# Cherry Barb fry questions...



## Wallaby (Jan 2, 2009)

So without even really trying to make them breed my Cherry Barbs had about a million babies.  I have a few questions about caring for them though.

Question 1: How soon will they be "grown ups"? Right now the biggest one is about the size of the tip of a fork tine and they're a week old today.

Question 2: Do I really need a sponge filter or can I just stick pantyhose or something over the intake of a ten gallon filter?

Question 3: What should I be feeding them? I'm feeding them Hikari's first bites right now 3 times a day. I tried growing infusoria...is it supposed to smell really bad? lol

Question 4: Is it normal for them to be kinda hanging out on the tank walls and not really swimming in the middle of the tank?
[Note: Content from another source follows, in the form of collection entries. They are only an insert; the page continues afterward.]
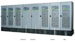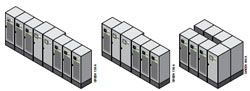 Une autre solution ASI évolutive est dotée de la technologie Green Power 2.0 : la gamme MODULYS GP. Le principe reste le même : la puissance produite par une armoire MODULYS GP peut évoluer de 25 à 200 kW par ajout de modules de puissance qui s’empilent verticalement au sein même de l’armoire.. La nouveauté, c’est la modularité horizontale : il est désormais possible d’associer jusqu’à trois armoires en parallèle pour obtenir un système capable de délivrer une puissance totale de 600 kW. Conçue sans aucun nœud de fiabilité, la solution permet une redondance totale N+1 ou N+2.
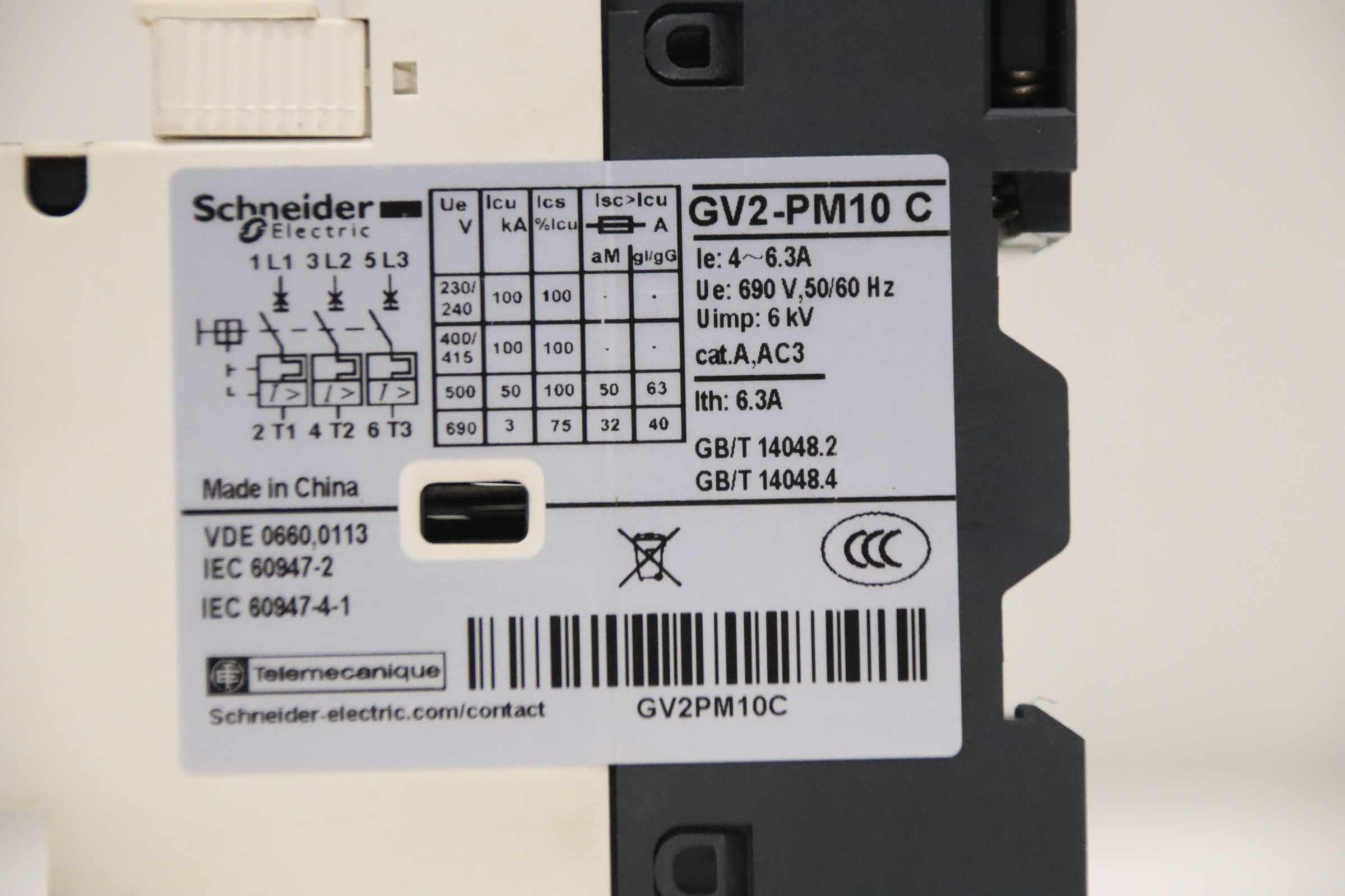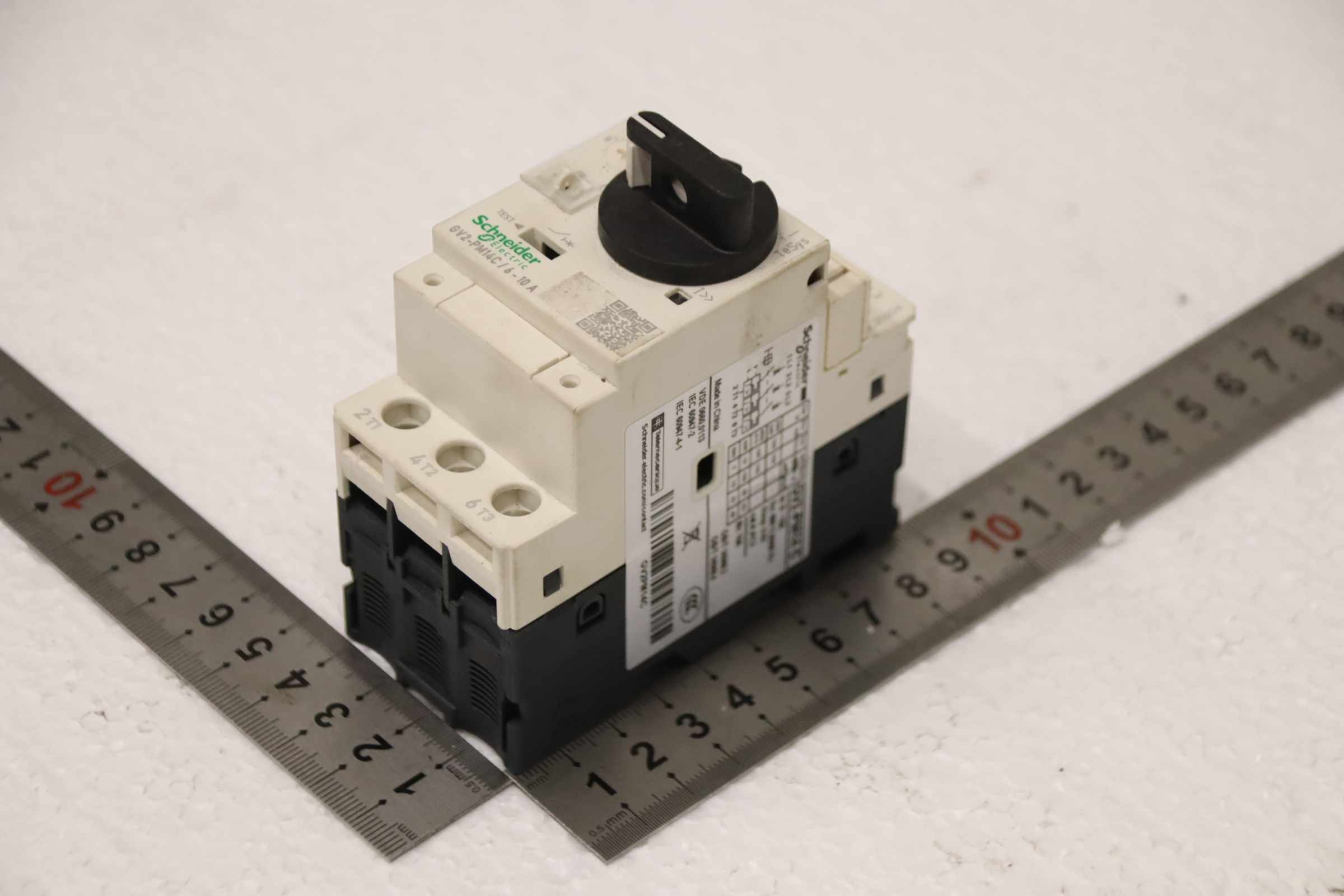 Auxiliary circuit breaker, circuit breaker, miniature circuit breaker, load break switch, load disconnector, motor protection switch, power switch, power disconnector, auxiliary switch, main switch, on/off switch, cam switch -Manufacturer: Schneider Electric, Motor protection switch with rotary actuator -Type: GV2-PM14 C / 6-10 A -Number: 3x switches available -Price: per piece -Dimensions: 80/45/H90 mm -Weight: 0.3 kg/pc.
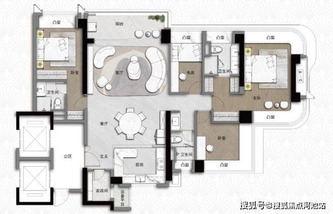 173㎡大四房三卫:项目顶配户型,专梯入户,私密性强;双套房设计,主卧约 27㎡,带 270° 环幕凸窗、私享阳台、衣帽间与明卫;北向可俯瞰市民中心灯光秀与 CBD 天际线,定位高端改善。
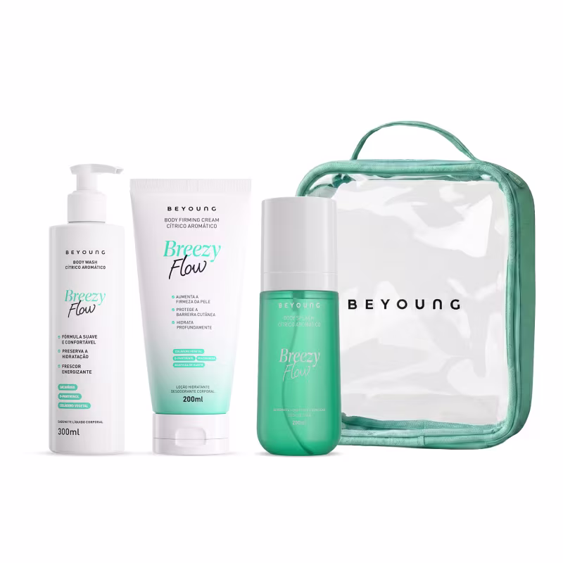 Kit Beyoung Linha Corporal Breezy Flow - 1 Body Splash + 1 Hidratante + 1 Sabonete Líquido + 1 Frasqueira Verde

Thank you for taking the time to answer!


----------



## StripesAndFins (Dec 31, 2008)

I read somewhere that newly hatched brine shrimp make a great first food. I personally have never had fry for anything so i don't know much about the other questions. hope it helps


----------



## emc7 (Jul 23, 2005)

I've tried pantyhose, a piece of aquarium sponge works better. Microworms are good live food. I'm guessing the wall-hugging is for food. Either algae or something living in the algae is edible, so I wouldn't worry about it.


----------



## Wallaby (Jan 2, 2009)

Thanks for the help! 
I ended up buying a super cheap sponge filter and sticking that in the tank so that question has been answered. 
They're so tiny right now that I'm not sure baby brine shrimp would be small enough... =/

Any ideas about how long it'll take them to grow up? I read somewhere that they get grown up colors at around 4 months, but I'd like to know how soon they can be seen easily etc... I suppose I could assume that around 2 months they'll be half an inch (we can assume this is almost young adult size) and at 1 month they'd be 1/4 of an inch, so about --- that long from . size in a month?
Does that make any sense and does it line up with anybody's experience?
Also, is infusoria supposed to smell bad?


----------



## justintrask (Jun 29, 2008)

i personally recommend infusoria and Hikari first-bites.

Smell is relative. I can't tell you if it is supposed to smell bad, because to me infusoria smells like infusoria.


----------



## Wallaby (Jan 2, 2009)

Ok, thanks.
It kinda smelled like something had farted a stinky one in the jar I was trying to grow it in...Haha


----------